Gains are larger on IMG-Acc (+10.6), suggesting greater benefit for visually grounded questions.
Logit-level matching fails for generative MLLMs, contrary to findings in discriminative settings.
Training dynamics visualization reveals faster convergence, smoother optimization, and closer teacher–student logit alignment.

Highlights & Insights¶

The Bayesian formulation provides an elegant theoretical interpretation of KD: teacher supervision as a Gibbs prior, distillation as MAP inference.
The Laplace approximation naturally yields the \(-\frac{d}{2}\log\beta\) regularization term, preventing \(\beta\) from becoming extreme.
The energy function design space exploration offers practical guidance: Cosine-Probs is the preferred choice.
The method is elegantly designed, with a coherent logical flow from theoretical derivation to implementation.
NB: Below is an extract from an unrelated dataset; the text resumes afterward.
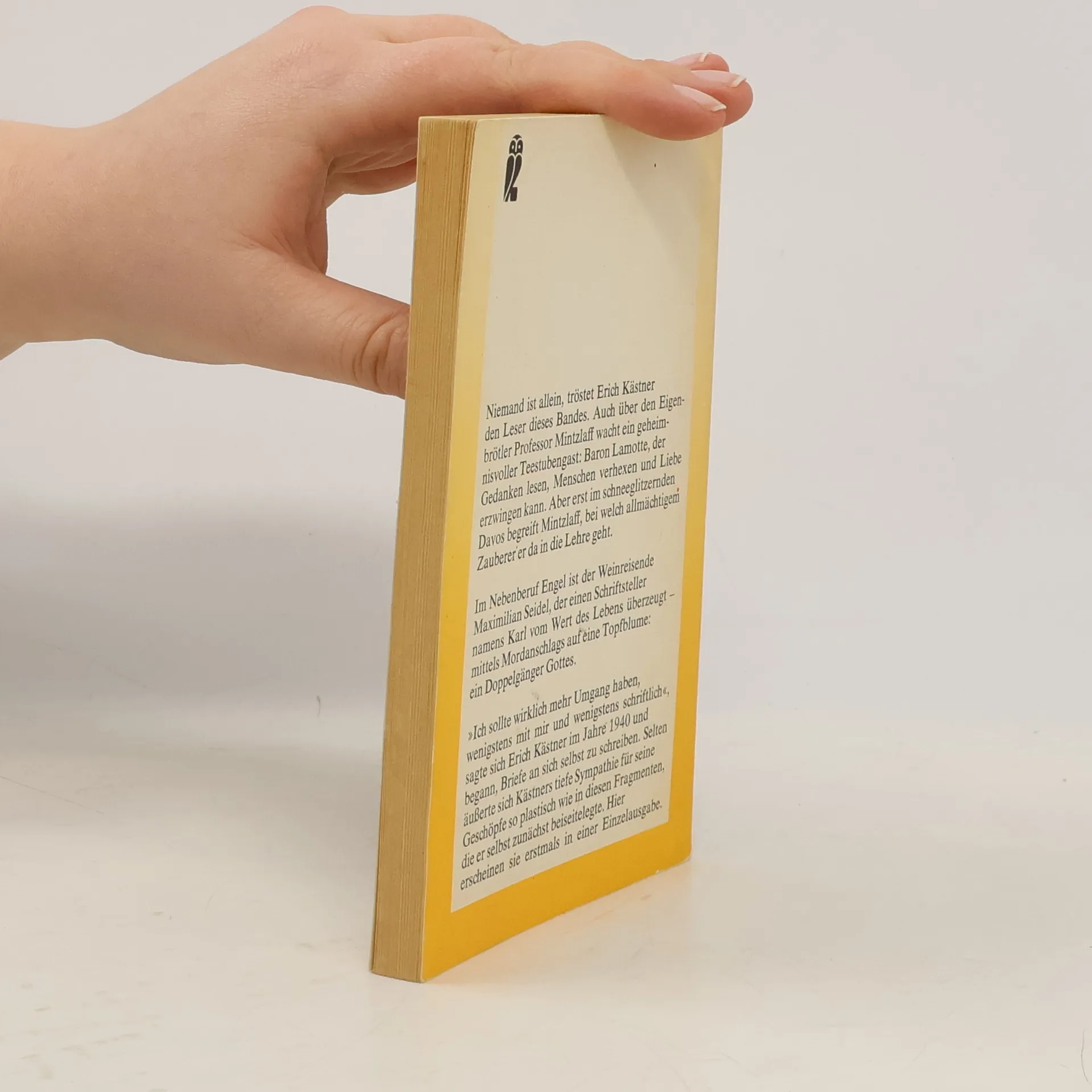 Erich Kästners erstaunlichstes Buch enthält zwei unvollendete Romane und zwei Briefe über Menschen, die sich im Leben plötzlich selbst über den Weg laufen. Der Kunsthistoriker Professor Mintzlaff reist in die Schweiz, um einen Vortrag zu halten. In einer Teestube setzt sich ein gewisser Baron Lamotte an seinen Tisch und berichtet, Gedanken lesen zu können. Irritiert versucht Mintzlaff, den seltsamen Mann loszuwerden. Lamotte lässt sich aber nicht abschütteln und begleitet den Professor ins schneeglitzernde Davos, wo die beiden nicht nur Mintzlaffs ewiger Liebe begegnen, sondern auch seinem Doppelgänger. Mintzlaffs Welt steht Kopf. Als Lamotte immer öfter wahrhaft olympische Kräfte spielen lässt, macht Mintzlaff eine verblüffende Entdeckung...Enthä Zauberlehrling, Die Doppelgänger, Briefe an mich selber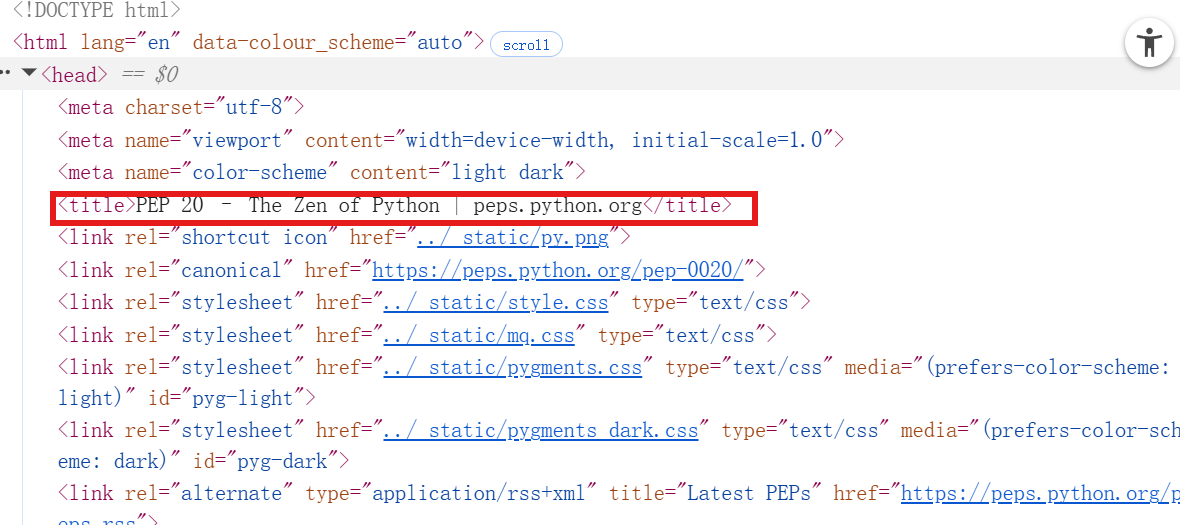 print(title)输出:PEP 20 – The Zen of Python | peps.python.org

Limitations & Future Work¶

The instance-level uncertainty network introduces additional parameters and computational overhead.
Experiments are primarily conducted on MobileVLM; validation on larger-scale teachers is limited.
The Laplace approximation assumes local quadratic structure, which may be inaccurate on non-convex losses.
Integration with more recent backbone models (e.g., Qwen2.5-VL) has not been explored.

Related to Kendall & Gal's multi-task uncertainty weighting, but generalized to arbitrary distillation losses.
Multimodal KD methods such as LLaVA-KD and Align-KD can benefit from this framework.
BayesKD targets uncertainty over model parameters, while Beta-KD targets uncertainty over activations — representing complementary perspectives.

Rating¶

Novelty: ⭐⭐⭐⭐ The theoretical framework combining Gibbs prior and Laplace approximation is novel.
Experimental Thoroughness: ⭐⭐⭐⭐ Multiple loss combinations, two uncertainty granularities, and six benchmarks.
Writing Quality: ⭐⭐⭐⭐ Theoretical derivations are clear and rigorous.
Value: ⭐⭐⭐⭐ Automatic loss balancing is highly practical for large-model KD.